I Solved A Homemade Functional Equation

Solved it in a few seconds. Just substitute x=-f(y)/2 and you get that f(y)=4y+c for a constant c. Plugging this in gives that only c=0 works.

Nice job!

There is another way. I let y=0 and differentiated it once on both sides. 2f’(2x+f(0)=8. f’(2x+f(0))=4. We can let some variable t=2x+f(0), so f’(t)=4. f(t)=4t+c. We can immediately see that c=0 since there is no constant term on the right hand side.
I think it’s obvious that f is differentiable. We know that f’(t)=4, no possibility for being undefined! I’m not sure exactly how to prove this more rigourisly however.

You are great, @SyberMath! You create compelling content for us each day!! You remind me of my high school math teacher, Daniel Dawson, who inspired so many of us in the late 1970s to learn mathematical thinking.
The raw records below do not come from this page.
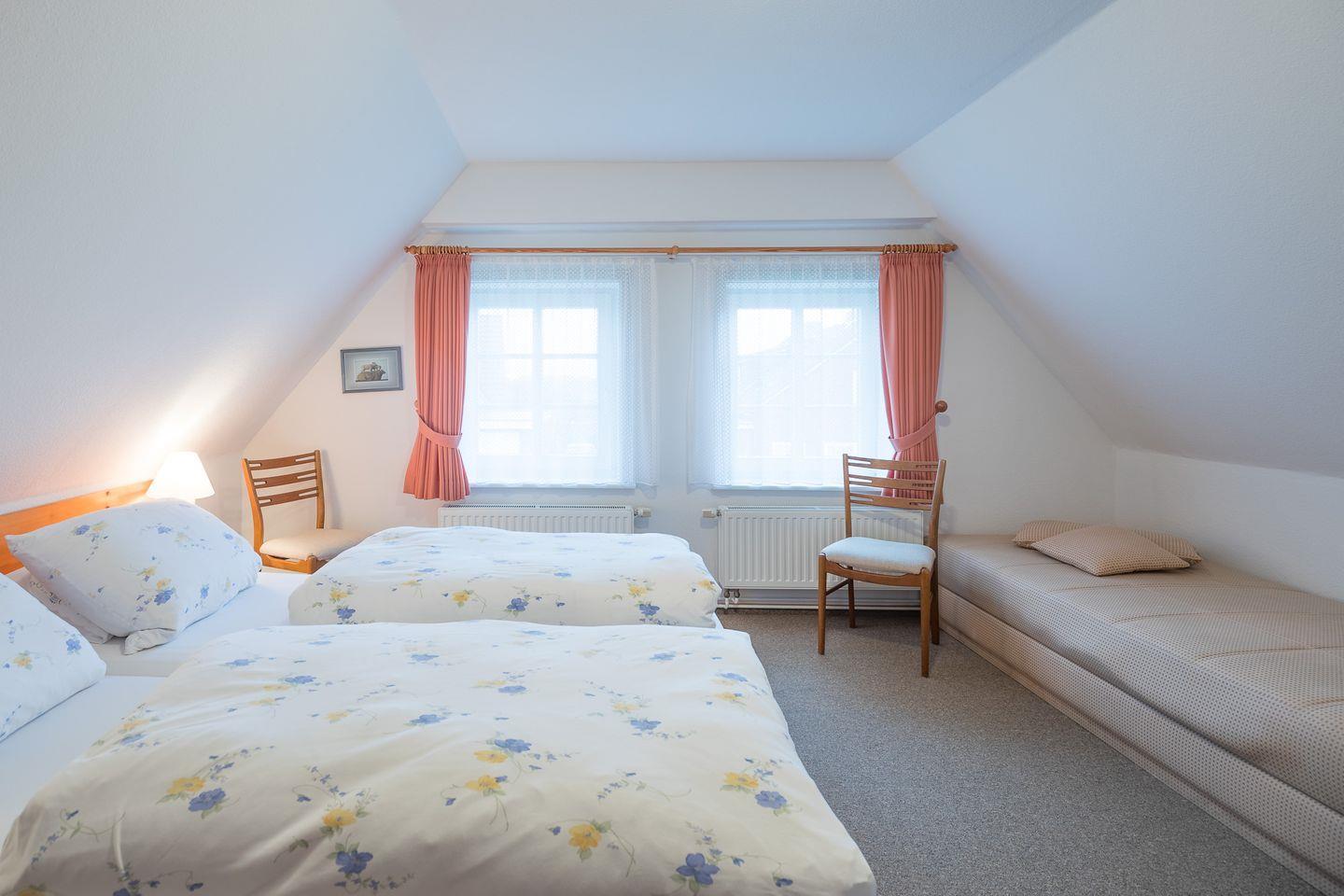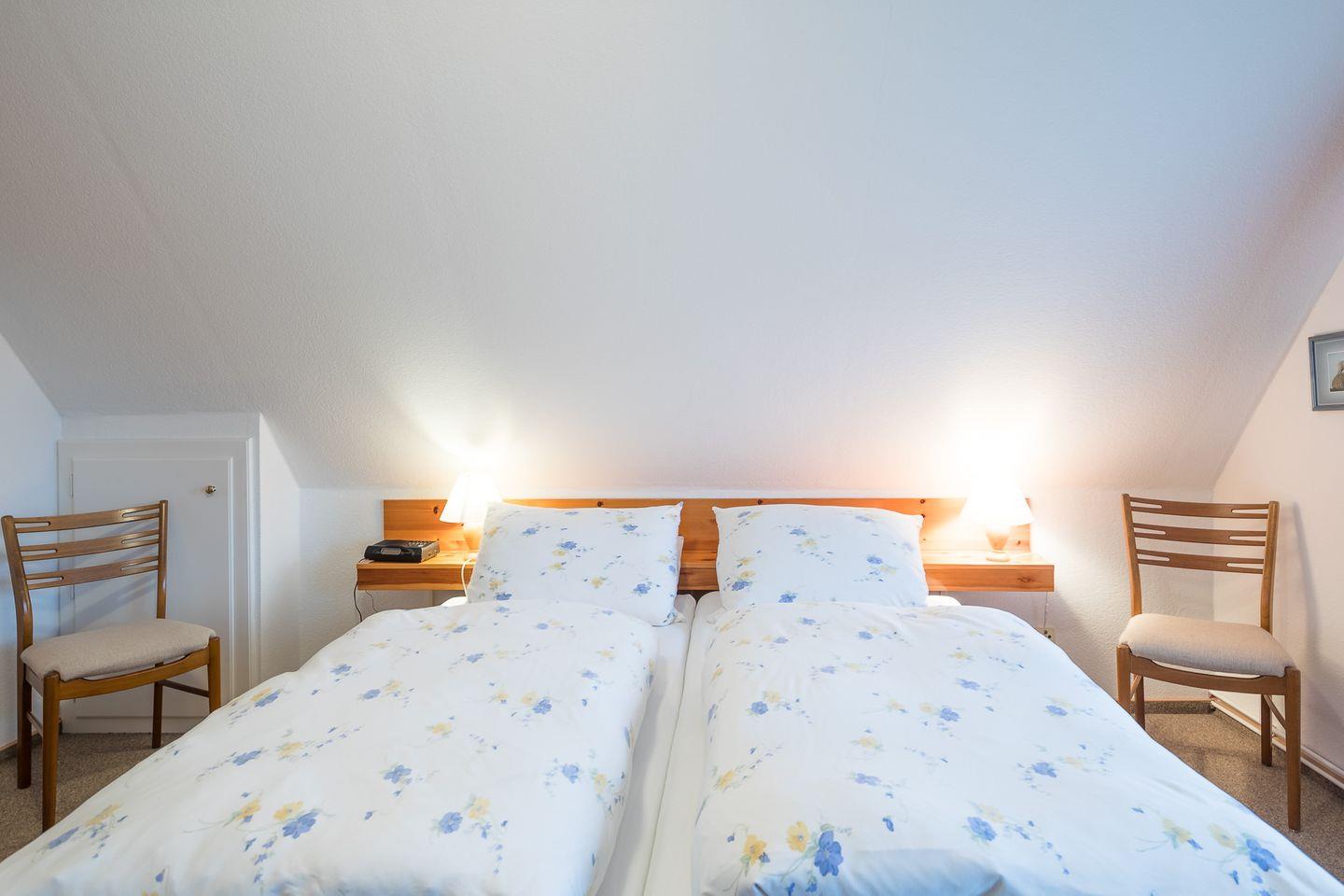 Das Schlafzimmer ist mit einem gemütlichen Doppelbett (180 x 200 cm), einem Einzelbett und einem geräumigen Kleiderschrank eingerichtet.
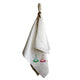 Hand-stitched linen tablecloth with contrasting stitching printed with hand painted artwork on each corner.
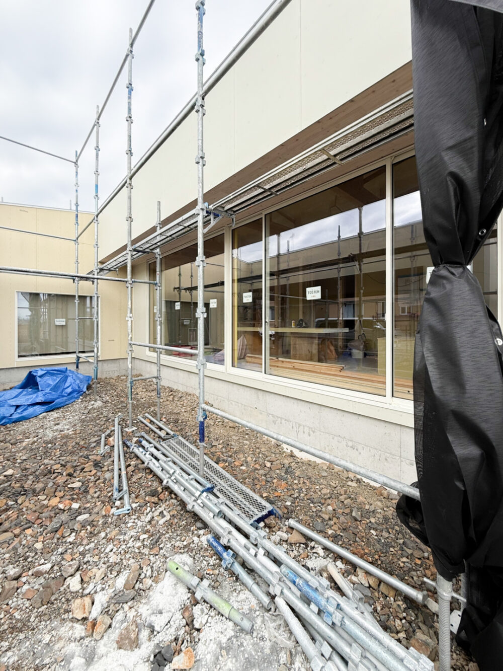 足場と養生ネットに囲まれた現在の状態でも、建物が持つプロポーションや佇まいはすでに明確。

Quick thought: if you replace f(2x + f(y)) on LHS with f(2x + 2f(y)), or more exotic with powers and logs, such as f(2x + f^2(y)) so that your substitution method does *not* cancel f(y) on LHS to isolate f(y) by itself, this gets tricky... will give it a try and see where this goes. Love your work, buddy! Thank you immensely for helping educate (or re-educate) all of us!!

It looks as if f(x) is linear, so suppose f(x) = ax + b. There is twice an f in the first equation, so twice fill in f(x) = ax + b, you get 2ax+af(y)+b = 2ax + a²y + ab + b = 8x + 16y. This gives 2a=8 or a=4 and b=0. So f(x) = 4x (a²y=16y also fits).

Solved it also in seconds: substitute x = x/2 - f(y)/2, then you will get f(x) + 4f(y) = 4x +16y which is solved by f(x) = 4x 😊

f(y) = -x so y = inverse of (-x) and f(x) = ax + b

F(x) = 4x

f(x)=4x

Put x=0, y=0, get f(f(0))=0
Put x=0, y=f(0), get f(0)=0
Put x=2a, y=0, get f(a)=4a answer. 😉😉😉😉😉😉